A sense of fulfilment and purpose that people with Down’s syndrome have from their work is a common thread connecting many of the accounts that I have mentioned. With that in mind, I draw particular attention to the work of the Down’s Syndrome Association and the importance of its WorkFit scheme. The WorkFit scheme was set up to train and assess employers who want to include those with Down’s syndrome in their workforce. All employers registered with WorkFit receive training, which includes their duties under the Equality Act 2010, and practical advice on how to make reasonable adjustments. The Down’s Syndrome Association is in constant dialogue with companies and organisations that have employees placed with them through WorkFit, to answer any queries they may have, and to work through any challenging situations. The programme was set up in December 2011, and to date it has placed 416 individuals with Down’s syndrome in a range of full-time, part-time and volunteer roles, as well as in adapted internships.
In recent weeks the Government announced the kickstart scheme, and I want to ask the Minister whether young people with learning disabilities, or disabilities, could perhaps be further supported through that scheme, or through an internship or apprenticeship. The excellent Speaker’s internship scheme for people with disabilities was developed in 2016, and perhaps there is more that hon. Members could do to support the training, inclusion, skilling and work of those who have Down’s syndrome.
I am delighted to chair the new all-party group for inclusive entrepreneurship, which was established to remove barriers and raise the profile of entrepreneurs with protected characteristics, particularly disabilities. We must also change the narrative more broadly from disability to ability, and from being solely about employees to people having the potential to become employers. Will the Minister consult colleagues in government, and find out whether there are particular supports and schemes for which those with disabilities can perhaps be given funding or additional support for adaptations, so that they can start their own businesses with their skills, talents and abilities?
A study by Mencap found that 62% of adults with learning disabilities in the UK want to work, although only 6% have a paid job. We need to address that, and we must all play our role in our constituencies, and by working across the House and across parties, to ensure an inclusive employment programme for everyone across the UK. In this time of covid a recession could occur, and many jobs are already at risk. We would not wish one of the outcomes of covid to be a further tragic impact on those with disabilities.

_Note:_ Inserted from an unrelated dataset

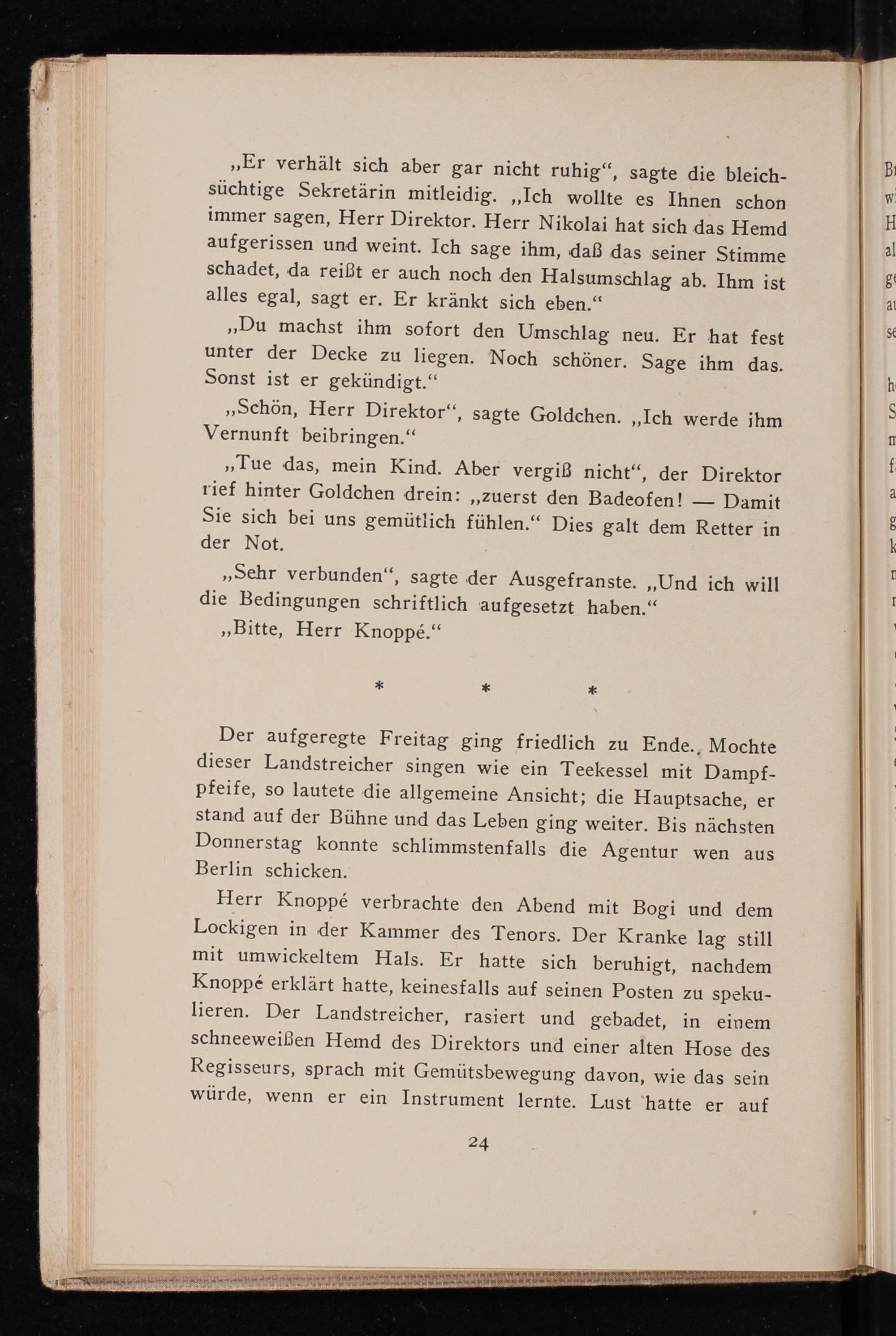 Herr Knoppé verbrachte den Abend mit Bogi und dem Lockigen in der Kammer des Tenors. Der Kranke lag still mit umwickeltem Hals. Er hatte sich beruhigt, nachdem Knoppé erklärt hatte, keinesfalls auf seinen Posten zu spekulieren. Der Landstreicher, rasiert und gebadet, in einem schneeweißen Hemd des Direktors und einer alten Hose des Regisseurs, sprach mit Gemütsbewegung davon, wie das sein würde, wenn er ein Instrument lernte. Lust hatte er auf

Government mantras of “building back better” and “levelling up” can and should include people with disabilities and Down’s syndrome, making every aspect of society richly diverse and productive. I will conclude with a quote from a young lady, Kate Powell, which was provided to me by the Down’s Syndrome Association:
“Being a person with Down’s Syndrome makes me proud. I am a person to make a difference to a lot of people. That’s me. We may find things difficult, everyone does. We should tell people about Down’s Syndrome—the more people the better. Being a person with Down’s Syndrome I can do anything in life. We may need help to do the things we want to do in life. It is good to see people with Down’s Syndrome achieving their dreams. That’s my dream.”
That, Madam Deputy Speaker, should represent all our dreams.